Wednesday, October 3, 2007

Knitting: When Increasing One Isn't

So, you're knitting along, following the pattern, just minding your own business. Somewhere in the row, the pattern tells you to increase, you do, you work to the end of the row, and somehow you're one stitch off! You have the right number of stitches, you followed the pattern exactly, you even rip it out and do it over again...twice. Before you toss that disobedient project into the black hole of your stash closet, you may want to take a second look at your pattern. More specifically, at the glossary.

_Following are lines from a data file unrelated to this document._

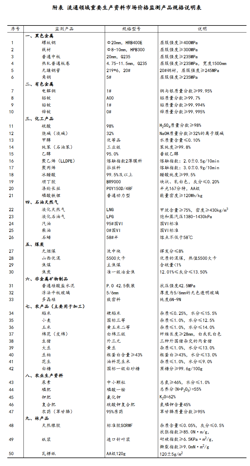 流通领域重要生产资料市场价格监测内容包括9大类50种产品的价格。类别与产品规格说明详见附表。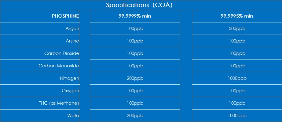 Product Description: Phosphine(PH3) is a colorless and toxic gas with annoying garlic and stinky smell at normal temperature and pressure. The air can burn, if it contains a small amount of P2H4, then spontaneous combustion in the air at room temperature (pure PH3 no below 149 ℃ fire), and prone to explosion. Mainly used in condensation catalysts, polymerization initiators, organic compounds of phosphorus preparation, the occurrence of gas, epitaxial growth, diffusion, ion implantation, etching, chemical vapor deposition, granary insecticide.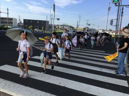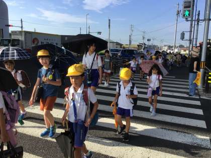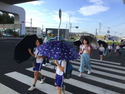 暑さの中元気に登校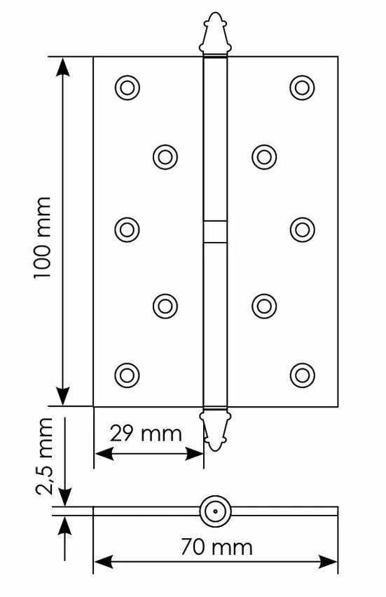 Петля разъемная MORELLI 100x70x2,5мм R бронза с коронкой

You probably know that, in knitting, there are many kinds of increases, and that they all look different from each other. The complicated part is that the seemingly self-explanatory instruction "inc 1" can refer to any one of those increases. Fortunately, most patterns will specify which increase the designer intends in the glossary. Unfortunatley, vintage patterns and European patterns often expect a level of expertise or improvisational abilities above that expected by most modern American designers, and so leave out such life saving information. Now, to the heart of the matter:

  • If "inc1" is defined as yarn over (yo) or make 1 (m1), the increase is made between two stitches, where no stitch previously existed. The yarn over is used primarily in lace patterns, because it leaves a large hole. The make 1 creates a much smaller eyelet, and is used in pieces where it is important for the shaping to be unobtrusive.
  • When "inc1" is defined as knitting into the front and back of the stitch (also known as a bar increase), the increase is made in an existing stitch. This kind of increase leaves no eyelet in the fabric, but it does create a bump, kind of like a purl.

The point? If you increase with a make 1 when the pattern intends you to knit in the front and back, your pattern will be off as though you have one stitch too many. If a yarn over is intended and you knit in the front and back of the stitch, your pattern will seem to have one stitch too few. The devil is in the details.